Keep up your policies
I'm going to outline a small list of policies you should keep at the top of your policy list to help secure your network
Rule
Purpose/Description
Caveats
Dynamic Blocklist
Uses Spamhaus’ DROP (don’t route or peer) list to block ingress and egress traffic. This list consists of known bad addresses.

Block by Country
Blocks ingress traffic from countries which the client does not conduct business with. Particularly useful if NATs are in place.
Mobile users may have issues connecting remotely. Ingress GlobalProtect permit-any policy may be required above this.
DNS Sinkhole
Uses Passive DNS inspection to perform dynamic DNS resolution on bad FQDNs.
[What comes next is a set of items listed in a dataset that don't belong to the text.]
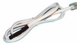
Temp-1Wire 1m 600 242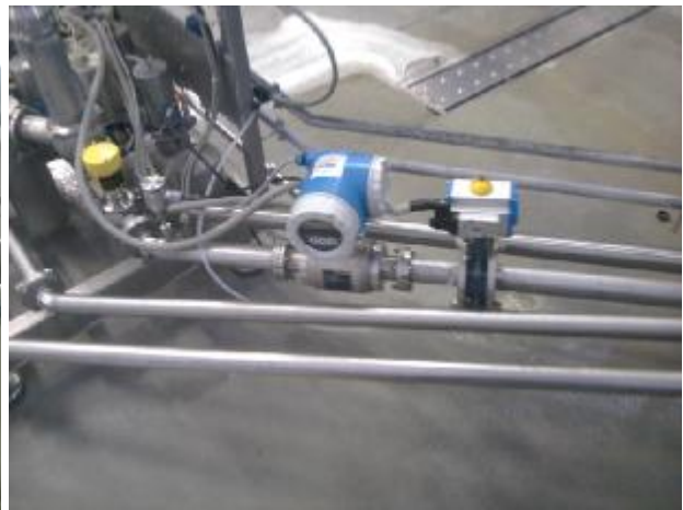
Фото 2. Расходомер Promag и дисковый затвор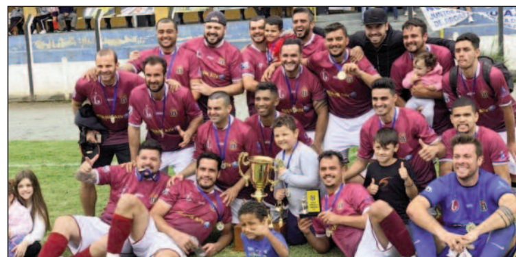
Pé na Bola de 2019 consagrou na categoria principal, a equipe Via Brasil

Em novembro de 2019, o clube promoveu o 39º Torneio Pé na Bola, e consagrou a equipe Via Brasil na categoria principal. É evidente que influência do clube alvinegro na história da cidade aparece até os dias de hoje. Sendo um marco pelo seu centenário e pelo seu 109º aniversário.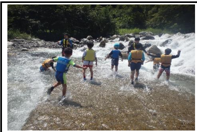
2日目。「スタート！」の掛け声とともに川にまっしぐらです。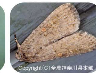
シロイチモジヨトウの成虫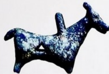
Найденное украшение. Səndəl.

Во второй половине IV тысячелетия до н.э. наступила эпоха бронзы, а с нею возникла и уникальная Кура-Аразская культура, связавшая воедино на долгое время обитателей Центральной и Восточной части Южного Кавказа, Северо-Восточного Кавказа, Южного Азербайджана и Восточной Анатолии.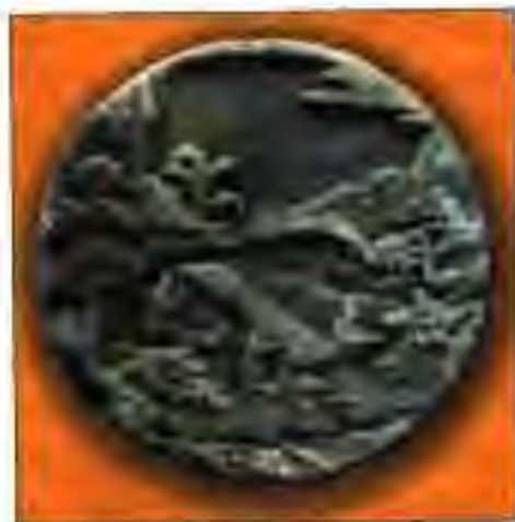
Расми 16. Қосибон абрешии мебофанд.

Янтсзян қарор дод, ки мақсадашро ба сарбозонаш фаҳмонад. Шояд онҳо ўро дастгирӣ кунанд. Хушбахтона, аскаронаш ўро дастгирӣ карданд. Янтсзян аввал қаламрави зери ҳокимияти сулолаеро, ки ба он хизмат мекард, ишғолнамуда, баъд ба васеъ кардани ҳудуди ишғолнамудаи худ шурӯъ кард. Ў дастаҳои низомии шоҳу ҳоки-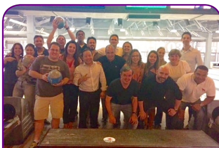
Clube de Sinergia Cerrado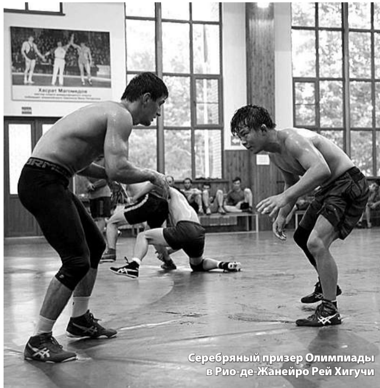
Серебряный призер Олимпиады в Рио-де-Жанейро Рей Хигучи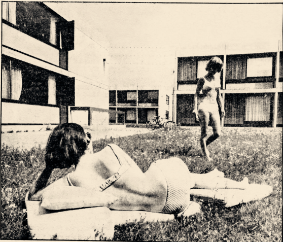
Mellem de fire og otte etagers boligblokke med lejligheder fra 30 til 130 kvadratmeter til priser fra 375 kr. til 1200 kr. ligger to-etagers kollegier for unge under uddannelse.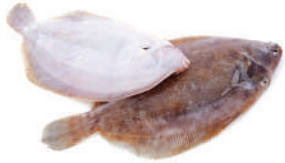
Llenguado Lenguado Sole Sole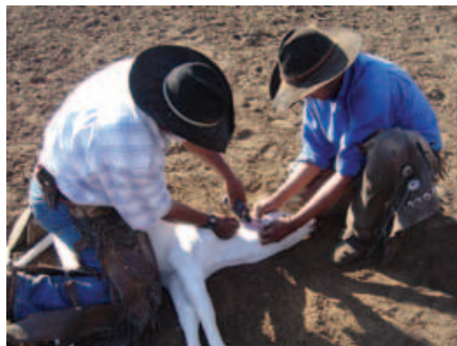
BEZERRO CONTIDO COM EFICIÊNCIA

Não jogue o bezerro no chão , levante-o um pouco do solo e utilize sua perna como apoio para descê-lo ao chão. A contenção para manter o bezerro deitado deve ser feita sem força exagerada.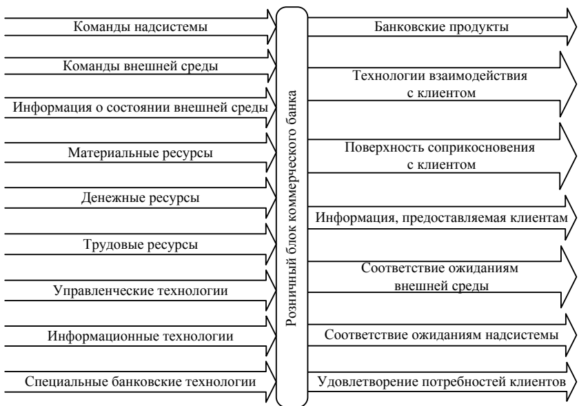
Рисунок 1 – Модель розничного блока как «чёрного ящика»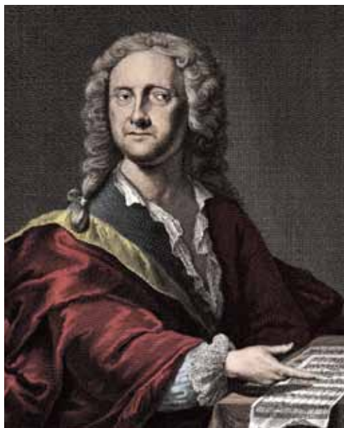
GEORG PHILIPP TELEMANN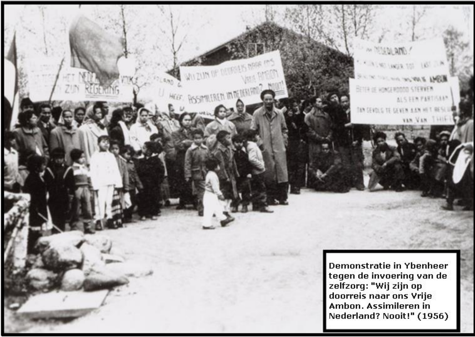
Demonstratie in Ybenheer tegen de invoering van de zelfzorg: "Wij zijn op doorreis naar ons Vrije Ambon. Assimileren in Nederland? Nooit!" (1956)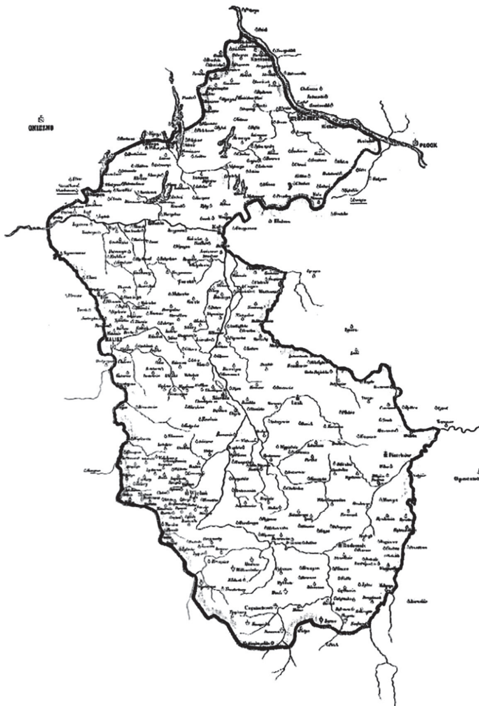
Mapa diecezji kujawsko-kaliskiej (1818–1925)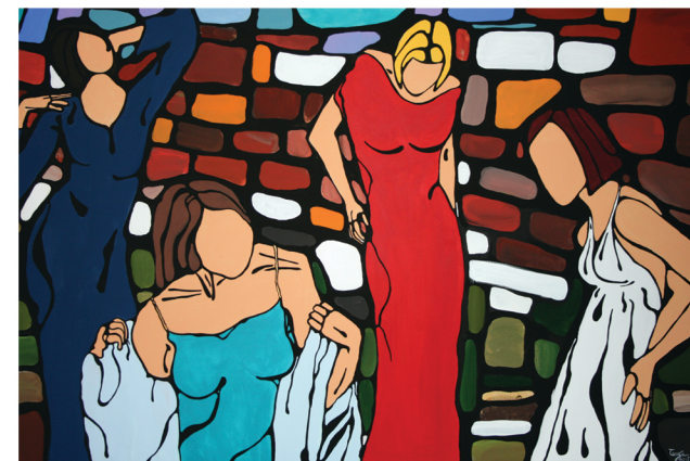
"Alto borgo" - acrilico su tela - cm 100 x 70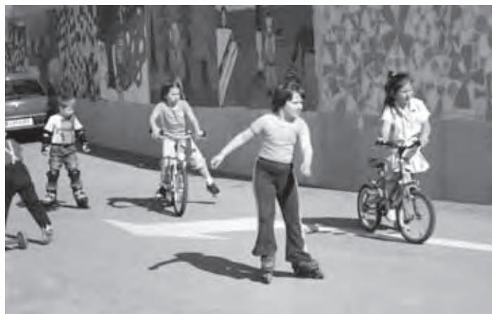
KOLESARJENJE IN ROLANJE PRED VRTCEM

Palček bralček in Bralni nahrbtnik (48 otrok), sodelovali na Najdihojci v Levstikovem domu, izvajali dejavnosti za športni program Zlati sonček, veliko je bilo izletov v bližnjo okolico, redno so obiskovali šolsko knjižnico in Knjižnico Prežihov Voranc, najstarejši so bili na krajših počitnicah v Zapotoku. Otroci so se lahko vključili v plesne urice in tečaj angleškega jezika. Nekatere dejavnosti so starši financirali v celoti, za nekatere (plavanje, del smučanja, del abonmaja, nekaj prevozov) pa je sredstva prispevala Občina Velike Lašče, za kar se jim iskreno zahvaljujem.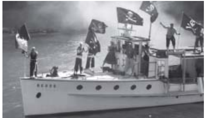
Piratenüberfall auf hoher See – «Lucerne in Motion»!

Das LCB und seine Partner sind mit dem Erfolg des zweiten «open door Luzern» äusserst zufrieden. 245 interessierte Fachleute aus Agenturen und Unternehmen haben die Gelegenheit wahrgenommen, um hinter die Kulissen der Luzern Kongresswelt zu blicken, Kontakte zu knüpfen und dabei natürlich auch Luzerner Luft zu schnuppern. Sie wurden Zeugen davon, dass sich in der Business-Stadt Luzern einiges bewegt. Die Teilnehmer konnten auf individuellen Entdeckungstouren sämtliche Kongress- und Tagungshotels sowie Lokalitäten wie etwa das Grand Casino Luzern, die SwissLifeArena und das Verkehrshaus der Schweiz kennen lernen. Dabei wurden auch Besichtigungen der eher speziellen Art geboten: Das Radisson SAS Hotel beispielsweise präsentierte seine modernsten Kongressräumlichkeiten auf einer dynamischen Schnitzeljagd. Das Hotel Cascada zeigte, dass sich auch ein Blick von aussen lohnt und liess die Teilnehmer unter der Leitung eines Bergführers gleich an der Hausfassade abseilen. Während einer Kreuzfahrt über Mittag auf dem Vierwaldstättersee bot ein als Incentive-Idee aufgemachter Piraten-Überfall Action auf hoher See! Die Organisatoren von Kongressen und Tagungen erwartet in Luzern nicht nur eine qualitativ hochstehende Kongress- und Seminarinfrastruktur, sondern auch die vielfältigsten Möglichkeiten für Rahmenprogramme in schönster Landschaft: Musik-Festivals, der Charme der Luzerner Altstadt, faszinierende Berg- oder Schiffsausflüge und vieles mehr.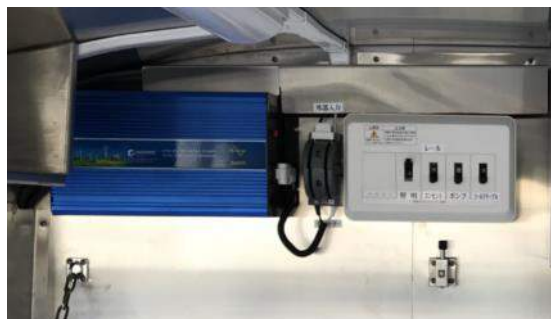
分電盤、インバータ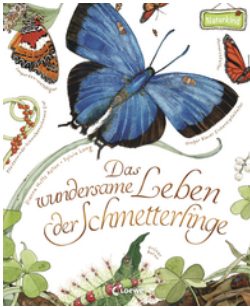
Das wundersame Leben der Schmetterlinge

This policy allows logs to be generated for these requests.

Drop High-Risk
Denies traffic for high risk (risk level 5) traffic.
Applications which are common-use may fall into this category, specifically SMTP and HTTP-Video; these will need to be overridden to a risk of 4 or lower.
DNS from Server/DNS from Any
Only allows DNS traffic from a dedicated DNS server.
DNS server use will need to be enforced. May only be applicable to corporate zone (guests will be allowed to Google or Level3 DNS).
53 from Any
Prevents traffic being tunneled out port 53.

Block by Category
Specifying the URL categories in its own policy prevents the Palo Alto from passing this traffic through the rest of the Content-ID engine, which saves CPU cycles. Useful on larger devices.


Don't risk it
One thing I didn't include above was any inspection policies. You'll want to apply a block to any application with a risk rating of 5. Yes, SMTP and some others have a risk of 5, well override these ones. It's easier to override 3 or 4 applications (if you legitimately need them) than it is to risk your network.

They're there to be used
A lot of Palo Alto firewalls I've seen don't user Zone Protection or DoS Protection - they're there for a reason, turn them on.